Hannah graduated from the IIML's MA Programme in Scriptwriting in 2009. Her MA play, and arguably the start of her fascination with writing family drama, was entitled 'McKenzie Country'. 'McKenzie Country' was joint winner of the David Carson-Parker Embassy Prize in Scriptwriting for the best major project, received the Dominion Post Scholarship, was read as part of Writers on Mondays, shortlisted to the final four for Write Out Loud Wellington 2009 and recently received its stage premier at BATS Theatre in June 2011, produced by Hannah and mounted by her company of Page Left playwright producers.
Hannah's first theatre script after completing her MA was a second family drama entitled 'The Avon Lady', which made the shortlist for the Adam Play Award (for best NZ play) and was joint winner of Write Out Loud Wellington in 2010.
When Hannah's not at the IIML or in the theatre, she writes for a Government department and is involved with a great number of creative projects including short films and role playing events. Hannah has a passion for acting and the visual arts and often employs these skills on stage or around it though designing stage posters, flyers, and theatre programmes etc.
Hannah spent many of her formative years abroad but has always called New Zealand home. Alongside her love of language and literature Hannah has a passion for cricket, Rockabilly, classic Hollywood and 1950's Broadway. Above any genre, Hannah has an unswerving interest in people and their stories. Whether on stage or screen, what moves her most are credible characters and their incredible journeys which begin in the everyday.
Lawrence Patchett (commenced 2009)
Authenticity and form in biographical fiction
Lawrence writes: Many writers have turned to biographical fiction in recent decades. What's behind this surge of interest in fiction about real people, and what are the limitations and possibilities of this borderline genre? Are writers constrained by the need to write an 'authentic' account of the life and times, as per the conventions of traditional biography?
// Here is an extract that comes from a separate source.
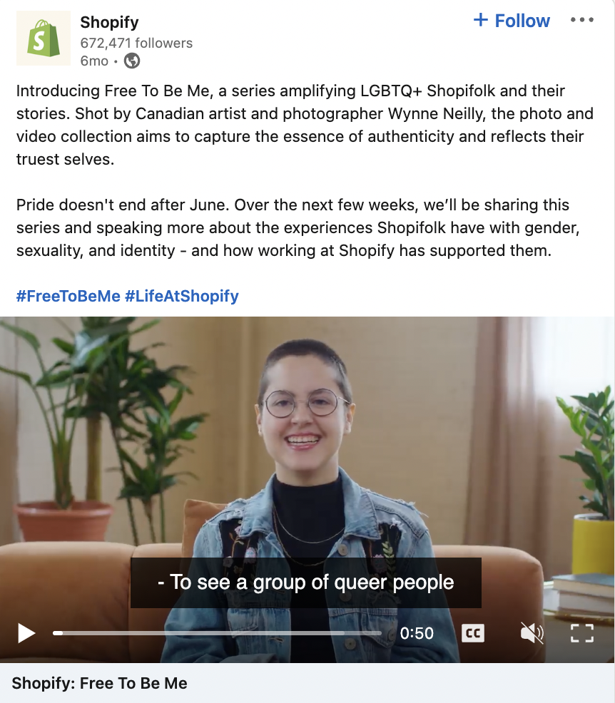 Para Shopify, el trabajo tiene sus raíces en la diversidad global y la pertenencia. Su iniciativa de crear y apoyar un entorno diverso e inclusivo es un proceso intencional que se resume en su serie Free To Be Me que centra las experiencias de LGBTQIA+ Shopifolk.

My critical component explores attitudes towards authenticity and form in the work of some contemporary writers, including Colm Toibin and Joyce Carol Oates, before focusing on three New Zealand novels: Mansfield, Lovelock, and Biografi. Early findings of this project are outlined in Booknotes 168 (Autumn 2010).
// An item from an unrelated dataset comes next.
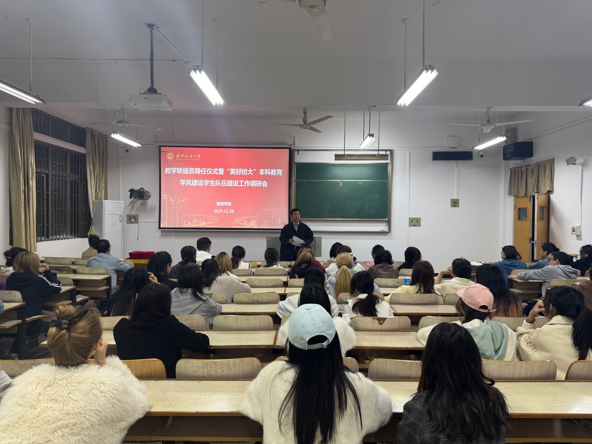 为进一步加强本科教育学风建设和员工队伍建设,促进公司本科教育和人才培养高质量发展。根据公司“美好纺大”专题调研的部署,英国上市公司官网365于11月8日晚上在南湖校区NH05-109召开“美好纺大”英国上市公司官网365本科教育学风建设暨员工队伍建设工作调研会。公司党委副书记郭泰辰、教学副经理钟蔚、辅导员代表李昆、曾琦、教学秘书张敏、22-24级学委、员工会成员等参与此次调研会,会议由党委副书记郭泰辰主持。

The creative component is a collection of short biographical fictions set in New Zealand and focused on frontier themes. Stories from this project have appeared in The Long and the Short of It and Sport, and Nth Degree: New Australian Writing.
My academic background is in English literature (BA Hons, Canterbury) and creative writing (MA, IIML). I am literary co-editor of the art and literary journal Hue and Cry.